_ASSIGNMENT_
Copy out every record below exactly as written, but leave out any pictures.

_DATA EXTRACT_
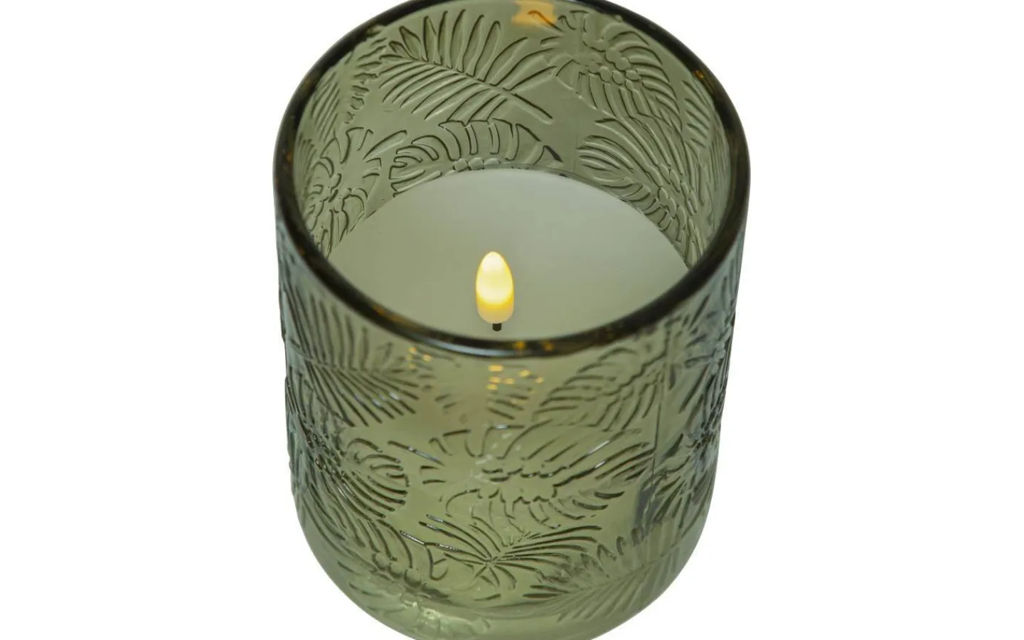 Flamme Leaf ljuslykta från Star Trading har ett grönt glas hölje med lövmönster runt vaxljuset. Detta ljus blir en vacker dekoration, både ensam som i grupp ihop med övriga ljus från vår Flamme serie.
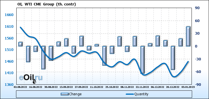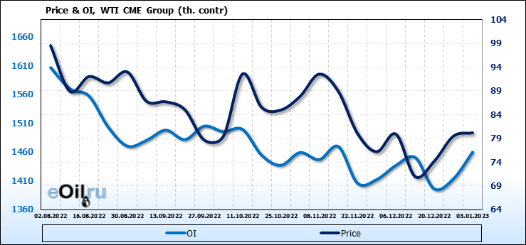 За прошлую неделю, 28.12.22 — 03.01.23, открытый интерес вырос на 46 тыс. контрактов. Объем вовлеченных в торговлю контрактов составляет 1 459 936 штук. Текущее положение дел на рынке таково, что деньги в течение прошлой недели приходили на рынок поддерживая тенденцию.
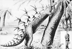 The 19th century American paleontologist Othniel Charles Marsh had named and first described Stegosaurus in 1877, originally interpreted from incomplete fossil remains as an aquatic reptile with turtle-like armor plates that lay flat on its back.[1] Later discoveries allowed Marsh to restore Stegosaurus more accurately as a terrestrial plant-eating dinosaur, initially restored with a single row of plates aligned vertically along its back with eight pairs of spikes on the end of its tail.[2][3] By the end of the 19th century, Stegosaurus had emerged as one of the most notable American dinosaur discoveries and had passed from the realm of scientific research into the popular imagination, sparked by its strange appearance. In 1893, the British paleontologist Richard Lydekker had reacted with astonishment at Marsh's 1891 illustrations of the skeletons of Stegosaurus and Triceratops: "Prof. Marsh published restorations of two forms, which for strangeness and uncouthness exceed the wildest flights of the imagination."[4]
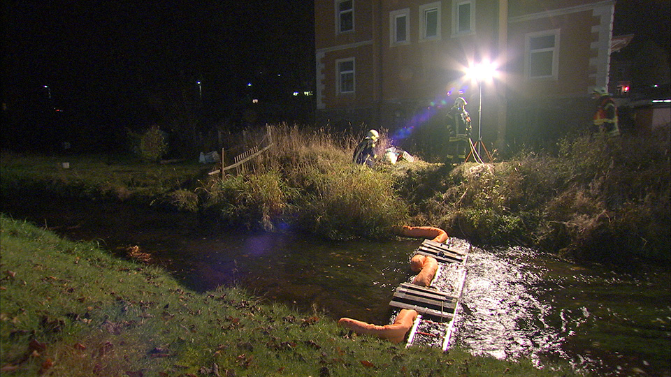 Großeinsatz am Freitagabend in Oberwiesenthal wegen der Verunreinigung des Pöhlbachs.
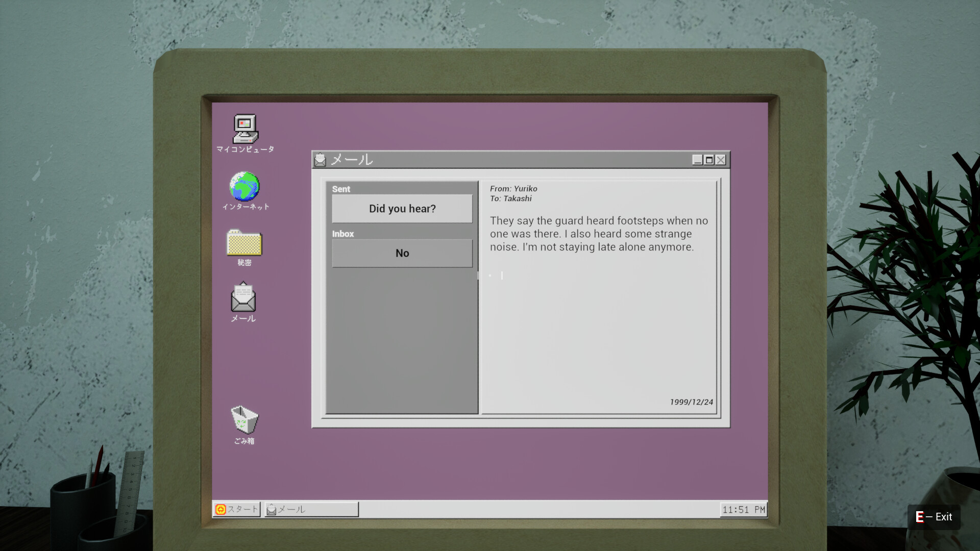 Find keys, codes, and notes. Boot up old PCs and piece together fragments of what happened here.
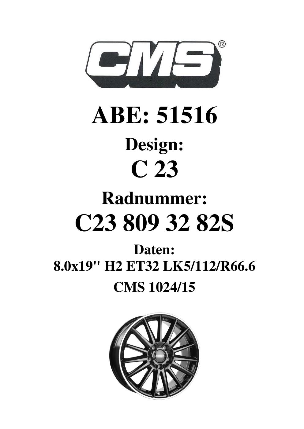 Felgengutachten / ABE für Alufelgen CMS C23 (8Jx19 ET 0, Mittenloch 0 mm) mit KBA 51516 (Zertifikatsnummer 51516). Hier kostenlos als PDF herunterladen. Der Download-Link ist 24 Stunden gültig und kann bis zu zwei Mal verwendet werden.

_EXERCISE RESPONSE_
 Flamme Leaf ljuslykta från Star Trading har ett grönt glas hölje med lövmönster runt vaxljuset. Detta ljus blir en vacker dekoration, både ensam som i grupp ihop med övriga ljus från vår Flamme serie.
 За прошлую неделю, 28.12.22 — 03.01.23, открытый интерес вырос на 46 тыс. контрактов. Объем вовлеченных в торговлю контрактов составляет 1 459 936 штук. Текущее положение дел на рынке таково, что деньги в течение прошлой недели приходили на рынок поддерживая тенденцию.
 The 19th century American paleontologist Othniel Charles Marsh had named and first described Stegosaurus in 1877, originally interpreted from incomplete fossil remains as an aquatic reptile with turtle-like armor plates that lay flat on its back.[1] Later discoveries allowed Marsh to restore Stegosaurus more accurately as a terrestrial plant-eating dinosaur, initially restored with a single row of plates aligned vertically along its back with eight pairs of spikes on the end of its tail.[2][3] By the end of the 19th century, Stegosaurus had emerged as one of the most notable American dinosaur discoveries and had passed from the realm of scientific research into the popular imagination, sparked by its strange appearance. In 1893, the British paleontologist Richard Lydekker had reacted with astonishment at Marsh's 1891 illustrations of the skeletons of Stegosaurus and Triceratops: "Prof. Marsh published restorations of two forms, which for strangeness and uncouthness exceed the wildest flights of the imagination."[4]
 Großeinsatz am Freitagabend in Oberwiesenthal wegen der Verunreinigung des Pöhlbachs.
 Find keys, codes, and notes. Boot up old PCs and piece together fragments of what happened here.
 Felgengutachten / ABE für Alufelgen CMS C23 (8Jx19 ET 0, Mittenloch 0 mm) mit KBA 51516 (Zertifikatsnummer 51516). Hier kostenlos als PDF herunterladen. Der Download-Link ist 24 Stunden gültig und kann bis zu zwei Mal verwendet werden.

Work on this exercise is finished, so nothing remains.